▶ _Data segment_
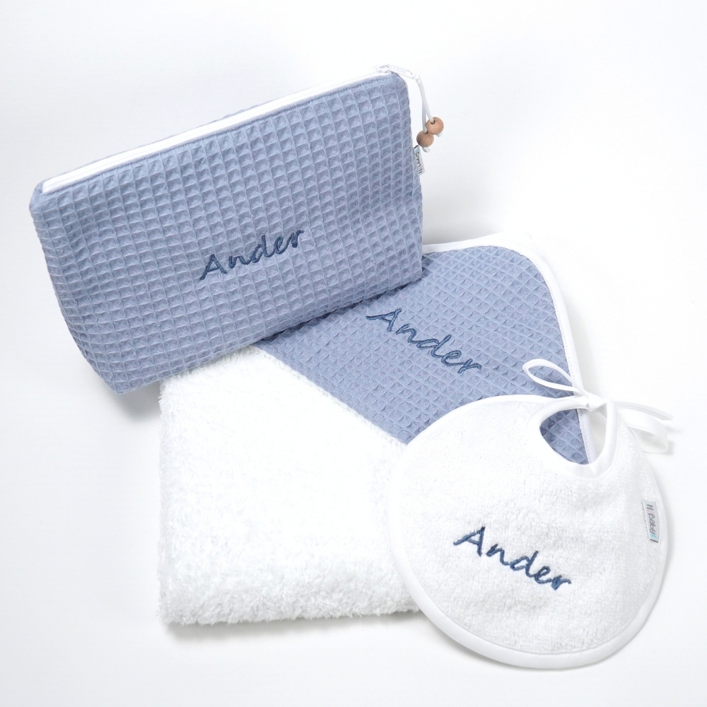 - Precioso neceser bebé personalizado con el nombre del bebé donde podrás poner las cositas necesarias para su aseo, tanto si vas de paseo como de viaje.
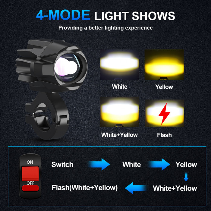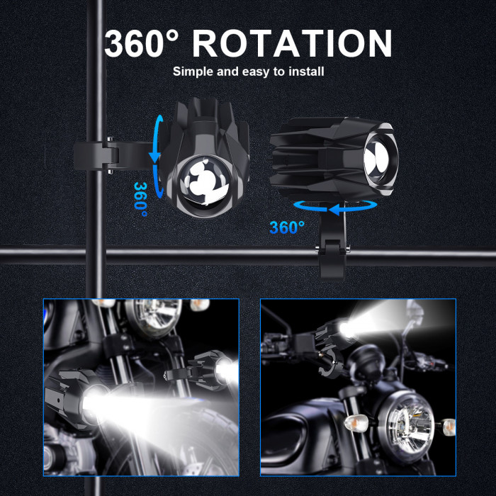 Противотуманки дополнительные светодиодные мото led фары универсальные на мотоцикл ближний и дальний свет
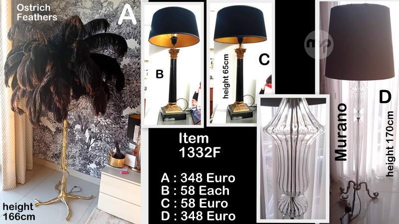 ( 1332F ) OSTRICH FEATHER FLOOR LAMP MURANO FLOOR LAMP TALL TABLE LAMPS
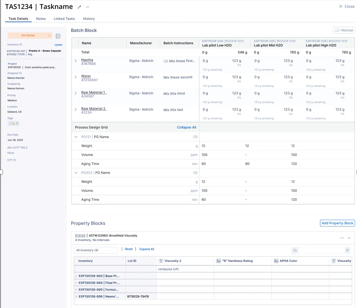 You can still use standalone Batch Tasks or Property Tasks when that better fits your process (for example, testing an existing stock batch). Connected tasks are ideal when “make + test” clearly belong to the same experiment.

▶ _Task_
The answer should consist only of the lines from the one with "( 1332F ) OSTRICH" through the last line of the material above, copied exactly, with no pictures.

▶ _Solution for this problem_
 ( 1332F ) OSTRICH FEATHER FLOOR LAMP MURANO FLOOR LAMP TALL TABLE LAMPS
 You can still use standalone Batch Tasks or Property Tasks when that better fits your process (for example, testing an existing stock batch). Connected tasks are ideal when “make + test” clearly belong to the same experiment.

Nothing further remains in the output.